Every company I walk into has dashboards. Dozens of them. The problem is never access to data. The problem is that nobody knows what the data means.
A dashboard shows you what happened. It does not tell you why it happened, and it definitely does not tell you what to do about it. That gap between "here are the numbers" and "here is what we should do on Monday" is where most analytics programmes stall out.
Numbers Do Not Speak for Themselves
Data teams love to say the numbers speak for themselves. They do not. Raw data is a pile of disconnected facts. When you put forty KPIs, six pie charts, and a sprawling table in front of a business leader, you are not informing them. You are asking them to do your job for you.
The analyst's real job is not to build the chart. It is to find the one thing in the data that matters this week and say it clearly. That takes judgement, context, and the confidence to leave out the other thirty-nine metrics.

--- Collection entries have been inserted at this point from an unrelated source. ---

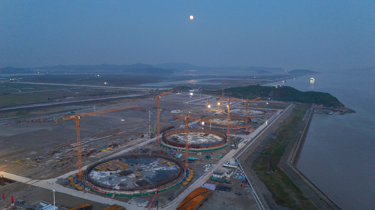 月色下的浙能六橫LNG接收站項(xiàng)目建設(shè)現(xiàn)場(chǎng)。 周志南 攝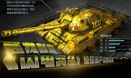 华夏天威,岂可轻犯。《闪电突袭》除了拥有基本的59-D坦克外,限量版黄金59-D同样引人瞩目。比较59-D,黄金59-D在战场火力,装甲厚度等方面更胜一筹。使得59-D系列在游戏中更进一步。遍及黄金59-D周身的云龙纹,彰显泱泱华夏大国气派。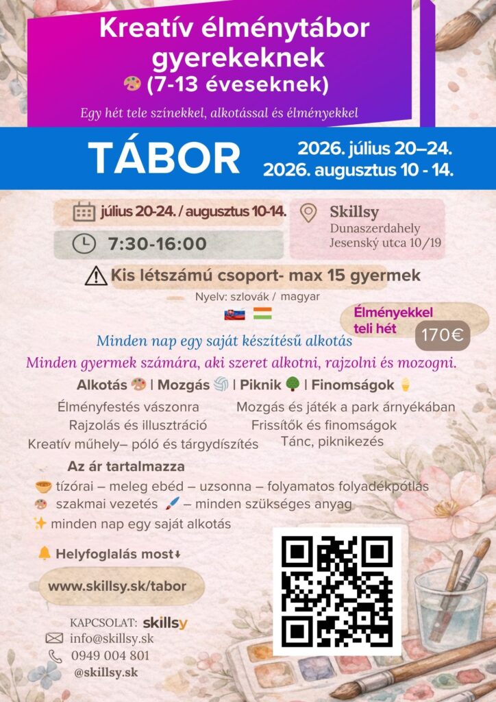 Kreatívny zážitkový tábor na leto pre deti 7–13 rokov Skillsy Dunajská Streda, Jesenského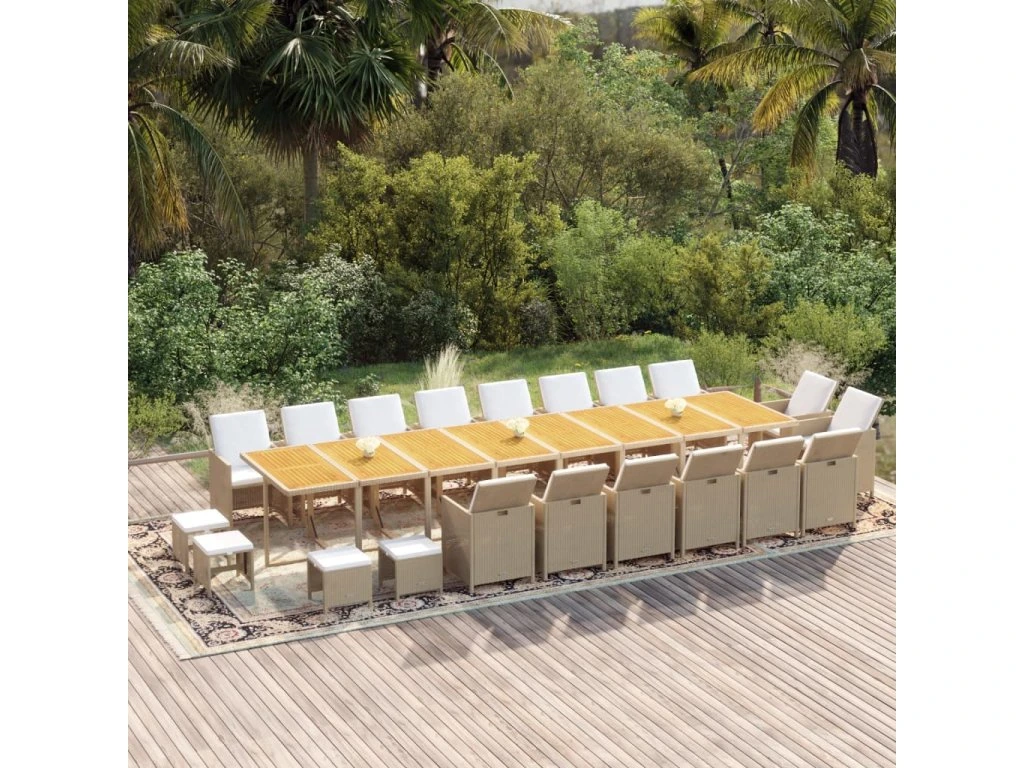 21dílný zahradní jídelní set s poduškami béžový polyratan 3095691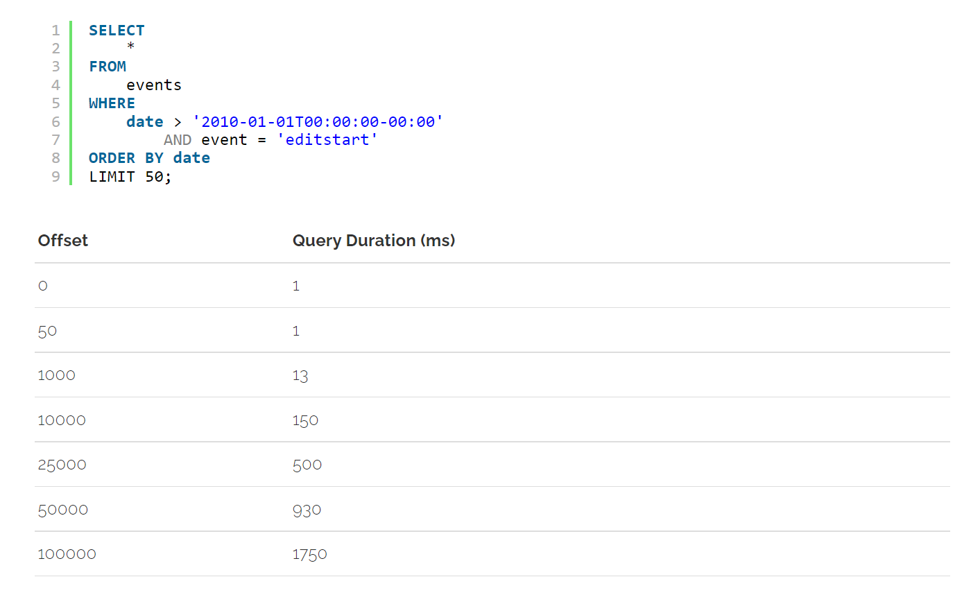많은 케이스에서 낮은 오프셋 쿼리는 느리지 않다. 문제는 높은 오프셋 값으로 시작된다.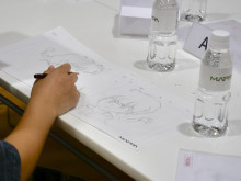 第1部では日高さんがMCを務め、同社の郭さんが「早乙女乱馬」のライブドローイングを披露し、山口さんや参加の子どもたちも「早乙女乱馬」の作画体験を行った。山口さんの作品が披露された際は、「上手」「すごい」などの声とともに拍手が起きた。子どもたちの作品は各テーブル内で披露され、良いところを言い合う形で、それぞれの感想を述べた。

I have seen this play out at a distribution client where the sales dashboard had 200+ data points across eleven tabs. The COO opened it once a quarter. When we rebuilt it around three questions he actually needed answered, he started checking it every Monday. Same data, completely different outcome.
Find the Story Before You Build the Slide
Before you open your BI tool, ask one question: what decision does this data need to support?
If the answer is "Q3 sales dropped 15%," you have a fact, not a story. A story is: Q3 sales dropped 15%, driven by mid-market renewals stalling because the pricing change hit during budget freeze season, and here is what we do about it in Q4. The first version gets a nod in the meeting. The second version gets a budget reallocation the same afternoon.
Design Is Not Decoration
Clean layout, readable fonts, and generous whitespace are not about aesthetics. They are about cognitive load. A cluttered dashboard forces the reader to work harder. A clean one lets the insight land immediately.
The discipline is the same: what you leave out matters more than what you put in. Eight numbers that drive a decision beat eighty numbers that describe the business.
The Real Value of a Data Consultant Is Changing
AI is going to commoditise the mechanics of data. The part that will not get commoditised is knowing which question to ask, which insight matters to this business at this moment, and how to frame it so the right person takes action.
That is storytelling. And it is where data teams need to build muscle.
If your dashboards are being ignored, the problem is probably not the tool and probably not the data. It is that nobody sat down and asked: what is this report actually trying to say? Start there. The technology will follow.